INPUT MATERIAL
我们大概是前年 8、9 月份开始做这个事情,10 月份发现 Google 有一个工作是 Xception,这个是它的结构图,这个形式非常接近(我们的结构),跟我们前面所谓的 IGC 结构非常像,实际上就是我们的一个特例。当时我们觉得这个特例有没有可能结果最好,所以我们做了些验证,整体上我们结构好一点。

* * *

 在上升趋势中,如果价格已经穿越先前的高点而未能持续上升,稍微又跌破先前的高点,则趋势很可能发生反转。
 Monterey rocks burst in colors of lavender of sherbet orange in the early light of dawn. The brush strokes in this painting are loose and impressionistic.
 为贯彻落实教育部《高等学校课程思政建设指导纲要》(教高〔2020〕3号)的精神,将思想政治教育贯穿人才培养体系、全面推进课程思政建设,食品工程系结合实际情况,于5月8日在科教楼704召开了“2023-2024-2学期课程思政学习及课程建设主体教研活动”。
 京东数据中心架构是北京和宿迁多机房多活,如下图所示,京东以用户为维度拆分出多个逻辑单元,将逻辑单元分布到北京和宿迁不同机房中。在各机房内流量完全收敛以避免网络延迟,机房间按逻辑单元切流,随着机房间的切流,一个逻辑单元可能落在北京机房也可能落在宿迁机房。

WHAT TO PRODUCE
Restate word for word the entries above from the line with "在上升趋势中,如果价格已经穿" through the line with "京东数据中心架构是北京和宿迁", inclusive, leaving out everything else.

TASK ANSWER
 在上升趋势中,如果价格已经穿越先前的高点而未能持续上升,稍微又跌破先前的高点,则趋势很可能发生反转。
 Monterey rocks burst in colors of lavender of sherbet orange in the early light of dawn. The brush strokes in this painting are loose and impressionistic.
 为贯彻落实教育部《高等学校课程思政建设指导纲要》(教高〔2020〕3号)的精神,将思想政治教育贯穿人才培养体系、全面推进课程思政建设,食品工程系结合实际情况,于5月8日在科教楼704召开了“2023-2024-2学期课程思政学习及课程建设主体教研活动”。
 京东数据中心架构是北京和宿迁多机房多活,如下图所示,京东以用户为维度拆分出多个逻辑单元,将逻辑单元分布到北京和宿迁不同机房中。在各机房内流量完全收敛以避免网络延迟,机房间按逻辑单元切流,随着机房间的切流,一个逻辑单元可能落在北京机房也可能落在宿迁机房。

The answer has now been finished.